Another exemplary cycle stop operation will now be described. For
cycle stop operation on cartons such as carton 300, the retaining
guide 504, cam bar 534, and the spring loaded compression bar 510
are in place as in the configuration shown in FIG. 8. When the
conveyor is stopped, one or more cartons 300, having glue applied
but not yet closed, may be present in front of the apparatus 500.
Here, the edge 800 of the retaining guide 504 functions as means
for holding the minor flaps 302a, 302b of these cartons 300 closed.
It can been seen in FIG. 8 that if the cycle stop operation were to
merely function as it did for cartons 100, the cycle stop
compression plate 508 would likely strike the retaining guide 504.
The use of the cam bar 534 prevents this from occurring. It can be
seen in FIG. 5, that the cam bar 534 will move along with the slide
rods 526a, 526b during operation of the actuation cylinder 512.

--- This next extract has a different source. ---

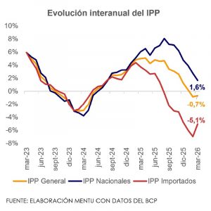 En el tercer mes del 2026, el Índice de Precios del Productor (IPP) registró una variación mensual de 0,9%, superior al 0,7% observado en igual mes de 2025. Con ello, la tasa acumulada se ubicó en 0,1%, por debajo del 2,0% registrado hace un año atrás, mientras que la variación interanual fue de -0,7%.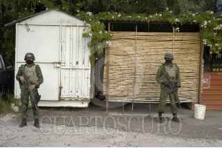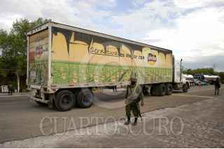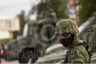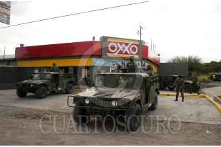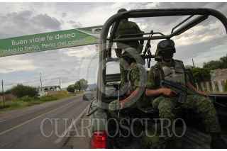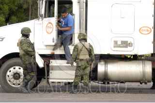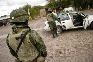 JALPA, ZACATECAS, 22AGOSTO2011.- Elementos del Ejército Mexicano realizan un reten en las entradas del municipio, minutos después de la persecución y enfrentamiento con presuntos miembros del crimen organizado en la comunidad de los Santiago y la carretera federal Zacatecas-Guadalajara. El saldo oficial del enfrentamiento fue de tres muertos, un efectivo militar y dos presuntos delincuentes. De acuerdo con el reporte levantado por la Procuraduría General de Justicia de Zacatecas, hay una persona detenida, que será puesta a disposición del Ministerio Público de la Federación. FOTO: CUARTOSCURO.COM

Referring back to FIG. 8, as the actuation cylinder 512 is extended
from a retracted position, the slide rods 526a, 526b swing up into
positions where they are substantially parallel to the slide rods
540a, 540b and to the Y axis. As the actuation cylinder 512 is
further extended, the cam bar 534 makes contact with the bottom
surface 600a, 600b, of the pivot blocks 536a, 536b causing the
slide rods 540a, 540b to rotate about an axis that is located
approximately at the center of the pivot bar 530, until the slide
rods 540a, 540b out of the way of the forward motion (in the Y
direction) of the cycle stop compression plate 508.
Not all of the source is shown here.